Заворочался в седле, хлестнул плетью по голенищу нарком. Удерживая шарахнувшегося жеребца, сказал:

— Ему заместитель, старший лейтенант Колесников, действовать предлагал. Так Ушахов его чуть плетью не вытянул: не твое дело, сказал.

«Ай да Саня! — поразился Ушахов. — Вон как все представил. Шустрый малый, далеко пойдет».

— Доложи товарищу Иванову все, как было! — напирал нарком.

— А о чем докладывать? — спросил Ушахов.

— Ты дурачка из себя не строй! — ощерился Гачиев. — Отвечай за свои дела, как положено, перед людьми, перед руководством. Почему докладные на имя секретаря райкома Руматова не подавал?

Ушахов повел головой — стал тесен воротник гимнастерки.

— Докладные?… Мои докладные в райкоме на гвоздике висят. Я их пачками рассылал. Про Муцольгова из «Красного пахаря» докладывал, про Сулимова из «Рассвета» трижды писал! Ну? Сидят ворюги, контра на своих местах, колхозы обирают, открыто вредят! На приеме у первого секретаря был, предупреждал: примите меры, или самосуд начнется…

Иванов, угрюмо слушавший, резко поднял голову:

— И что ответил Руматов?

Ушахов сунул руки за спину, сгорбился:

— А что он может ответить? «Кого вместо них?» Все толковые мужики на фронте, а эти… клопами к колхозам присосались, бронью военкома Решетняка обзавелись! — судорожно комкая хлястик шинели за спиной, поднял на Иванова тоскующие глаза: — Хоть вы помогите, товарищ Иванов. Третью докладную подаю наркому и военкому об отправке на фронт. Старший брат Абу воюет, а я тут груши… околачиваю в засадах.

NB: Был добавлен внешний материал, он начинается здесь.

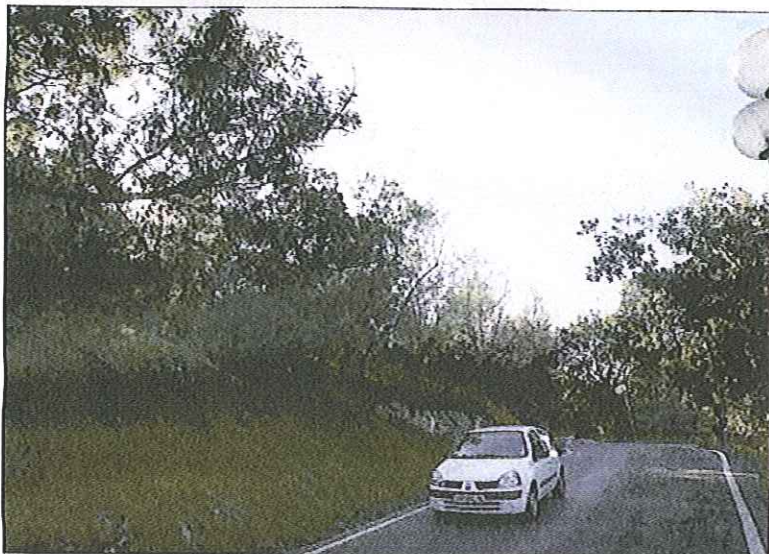
La vente de ce terrain constructible, sis 75, avenue Jean-de-Noailles, fait polémique.

Pour expliquer l'abstention de l'opposition divers-droite, Olivier Vasserot estime que « ce gel est un peu tardif. La Croix-des-Gardes a déjà été victime de densification.
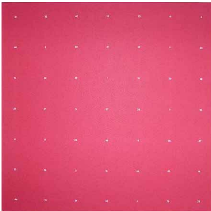
Detlef Halfa Zahlenplan, 1981 Weiße Zahlen auf farbigem Karton, verschiedenfarbige Blätter, signierte Zertifikate 35 x 35 cm Preis: je € 125,-
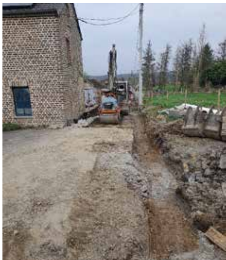
Début des travaux de rénovation de l'Impasse des Merles à Faulx-Les Tombes
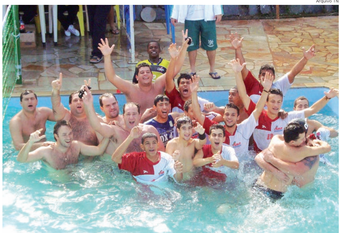
Equipe masculina de biribol de Pinda, campeã dos Jogos Regionais de 2011

As crianças e adolescentes podem praticar a modalidade na Escola de Esportes da Prefeitura de Pindamonhangaba, as aulas acontecem no Centro Esportivo João Carlos de Oliveira, "João do Pulo", as terças e quintas-feiras, nos se-
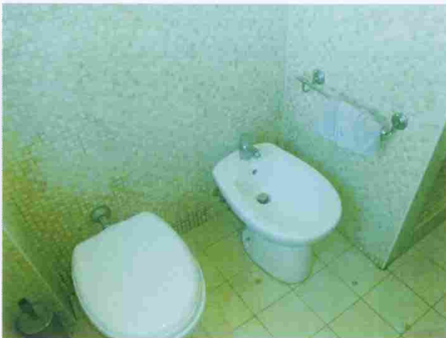
Foro n° 43 – Bagno.
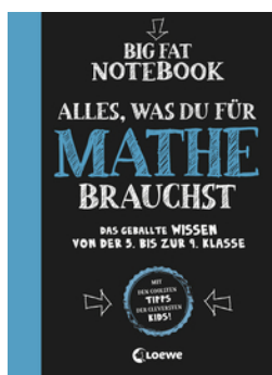
Big Fat Notebook - Alles, was du für Mathe brauchst - Das geballte Wissen von der 5. bis zur 9. Klasse
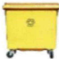
ENVASES, PLÁSTICO, ETC.
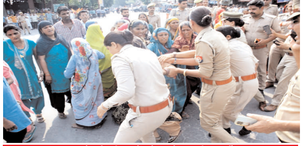
धरना दे रही महिलाओं को हटाते हुए पुलिसकर्मी।
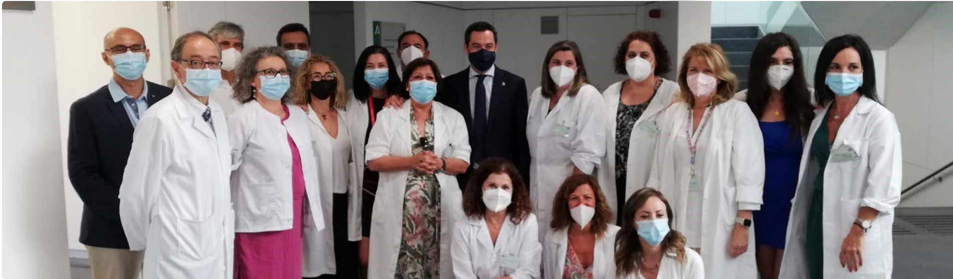
El presidente de la Junta, Juanma Moreno, con los profesionales del centro el día de su inauguración
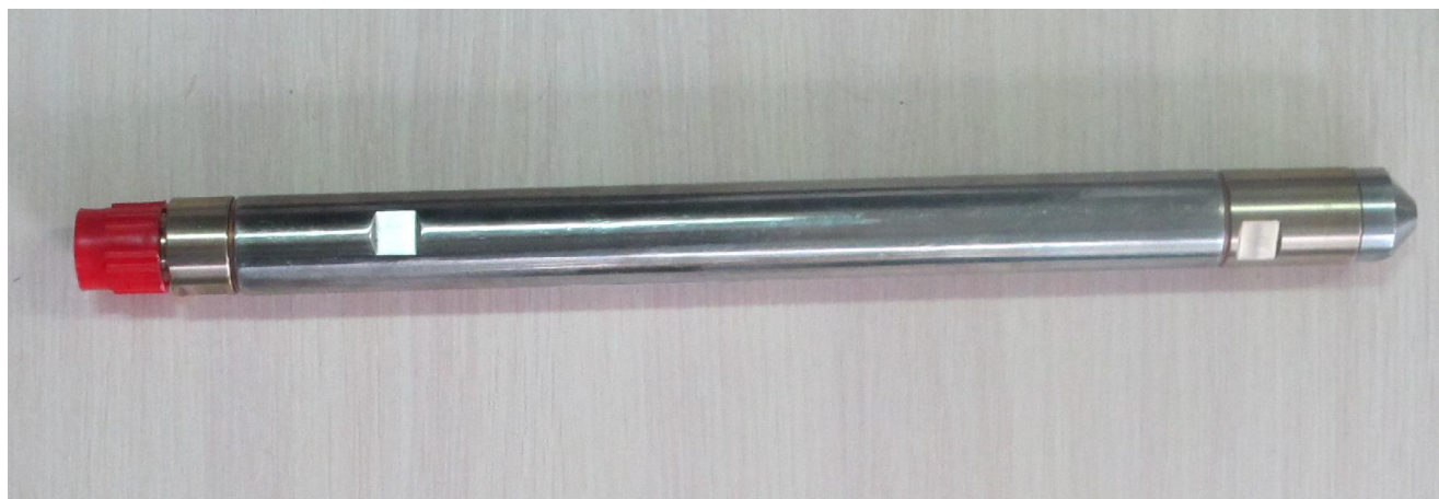
Рисунок 2 - Общий вид манометра-термометра глубинного АЦМ-6Г-30
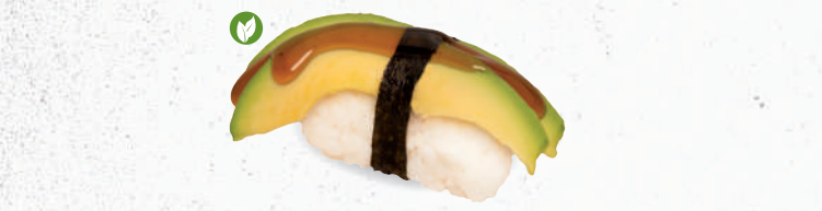
69 Avocado – 3,90 Avocado mit Teriyaki Spezielsauce A1,F
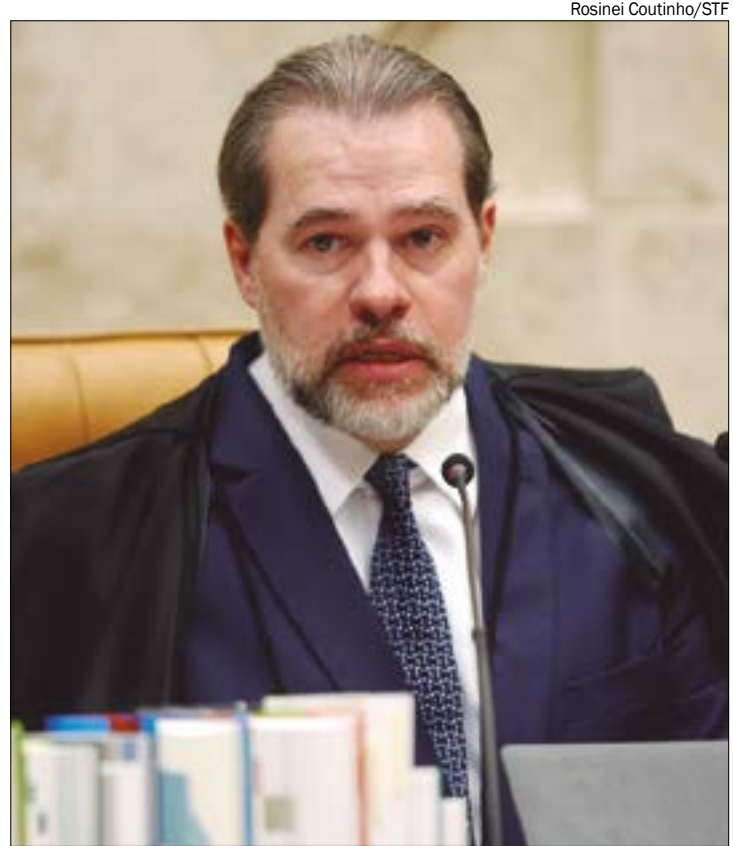
Relator do caso no STF, Toffoli deu prazo de 5 dias para Assembleia se manifestar sobre aumento de emendas
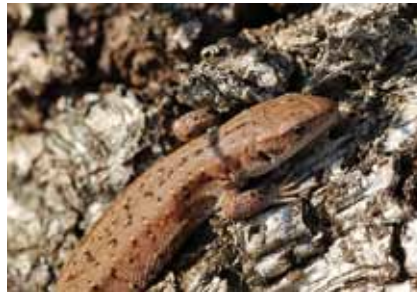
Waldeidechsen ( Zootoca vivipara ) liegen beim Sonnen gerne auf trockenen Baumstümpfen oder abgebrochenen Ästen

Die Ausbreitung der Birken hat an diese Baumart gebundene Insekten, darunter den in Hessen gefährdeten Birkenspinner , gefördert. Mit scharfen Augen und etwas Glück können wir die Raupen des attraktiven Nachtfalters im Mai in kleinen Gruppen an den oberen Zweigen junger Birken finden.
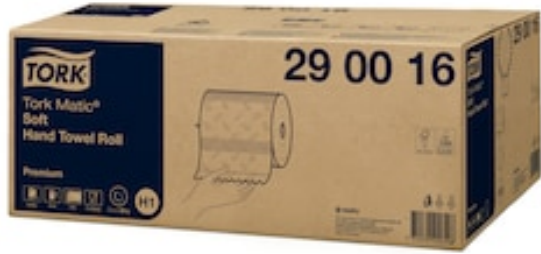
Tork Matic weiches Rollenhandtuch PremH1 290016
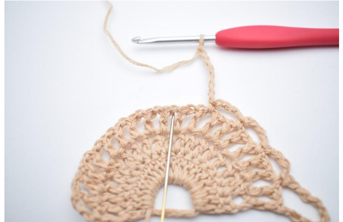
8. Lag 7 lm, Hopp over 1 lm-mellomrom og hekle 1 fm i neste lm-mellomrom.
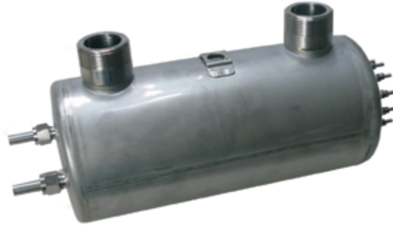
Vertical (C, D)
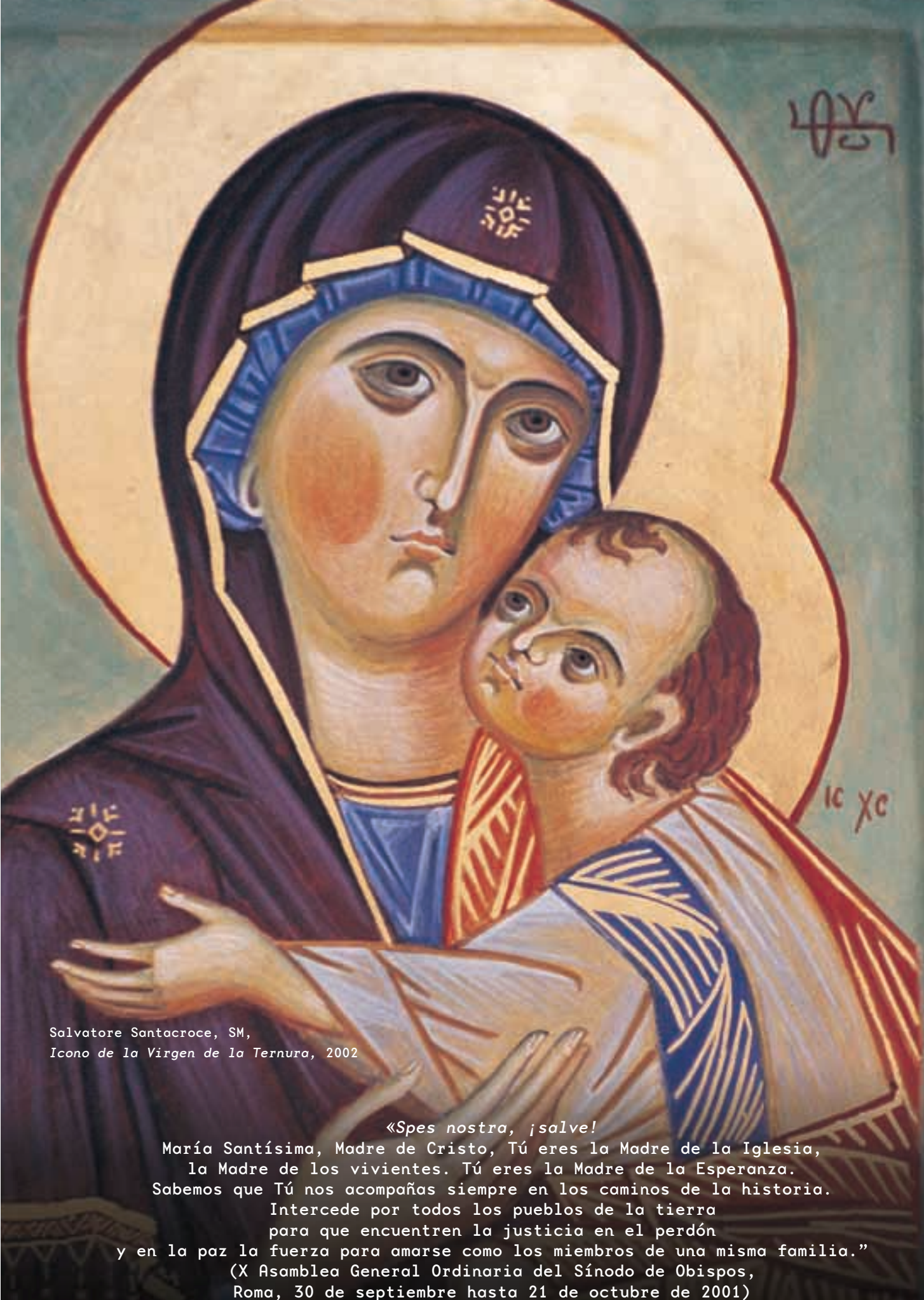
Salvatore Santacroce, SM, Icono de la Virgen de la Ternura, 2002

«Spes nostra, ¡salve! María Santísima, Madre de Cristo, Tú eres la Madre de la Iglesia, la Madre de los vivientes. Tú eres la Madre de la Esperanza. Sabemos que Tú nos acompañas siempre en los caminos de la historia. Intercede por todos los pueblos de la tierra para que encuentren la justicia en el perdón y en la paz la fuerza para amarse como los miembros de una misma familia.» (X Asamblea General Ordinaria del Sínodo de Obispos, Roma, 30 de septiembre hasta 21 de octubre de 2001)
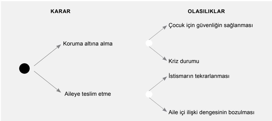
řekil 2. řans Olayları (Alınan karar sonucunda karřılařılabilecek riskler)

řekil 3'te de grlebileceęi gibi, sosyal hizmet uzmanı, ocuęun aileye teslimi ya da alternatif bir mdahale arasında karar verme durumundayken, karar analizi teknięi yardımıyla, nce her iki
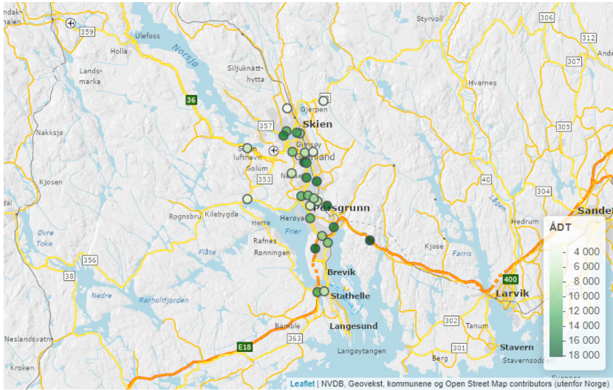
Figur 1. Kart som viser trafikkregistreringspunkt og årsdøgntrafikk.

Kartet i figur 1 viser plasseringen av trafikkregistreringspunktene i avtaleområdet.
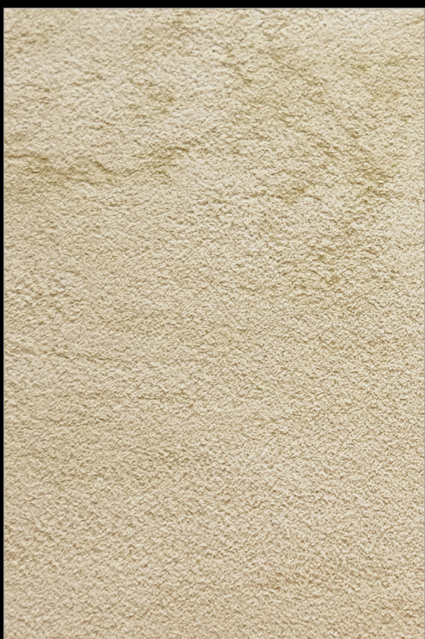
КАСАБЛАНКА + G161

И было в этих словах такое неприкрытое бессилие, что Иванов едва подавил в себе непрошенное сочувствие. Ответил резко, распаляя себя:

— Военкому виднее, кого на фронт мобилизовать. Значит, если докладные не действуют, изволили руки опустить? С Руматовым мы разберемся и с Рсшетняка спросим. Но вас, извините, на кой черт здесь поставили?! Почему сами, своей властью порядок не наводите? Или уже только на писульки горазды? Вы что ж, получили из аула предупреждение об Абасове и ничего не предприняли? Ждали самосуда?

Ушахов выпрямился, сузил глаза:

— Собаке — собачья смерть. А воскреснет этот «мученик» с большой дороги, они его снова убьют. И правильно сделают!

Гачиев повернулся в седле, загремел на весь аул:

— Как разговариваешь?! Под трибунал захотел? Ушахов крутнулся к нему всем корпусом — грязь фонтаном из-под сапог:

— Вы меня не пугайте, меня контра с двадцатого в этих горах пугала, однако надорвалась!

Гачиев задохнулся, привстал на стременах:

— Ты… Да я тебя…

— Прекратите! — вполголоса яростно бросил Иванов. Обернулся к Ушахову, добавил, заметно белея лицом: — За бездействие и пассивность при исполнении служебных обязанностей будете отвечать по законам военного времени. — Ударил коня стременами, тронул к выезду из аула. Ненужная, постыдная свара получилась, а толкового разговора — нет.

Гачиев рванул поводья. Напирая на Ушахова заляпанным грязью, нервно плясавшим жеребцом, закричал:

— Сдай оружие, Ушахов! — протянул руку, пряча глаза от бешеного неукротимого взгляда начальника райотдела.

— А ты мне его выдавал, чтобы отнимать? Езжай, нарком, у тебя дело поважнее, чем моя хлопушка. Иванова охраняй.

Повернулся, пошел вдоль улицы — сутулый, голова в плечи втянута, шинель по самый хлястик замызгана. Его кобыла Ласточка, щипавшая прошлогоднюю траву по ту сторону арыка, подняла голову, недоуменно, коротко заржала. Хозяин не обернулся. Лошадь мотнула головой, присела на задние ноги, легко скакнула через арык, пристроилась за спиной хозяина, почти касаясь его горбоносой мордой.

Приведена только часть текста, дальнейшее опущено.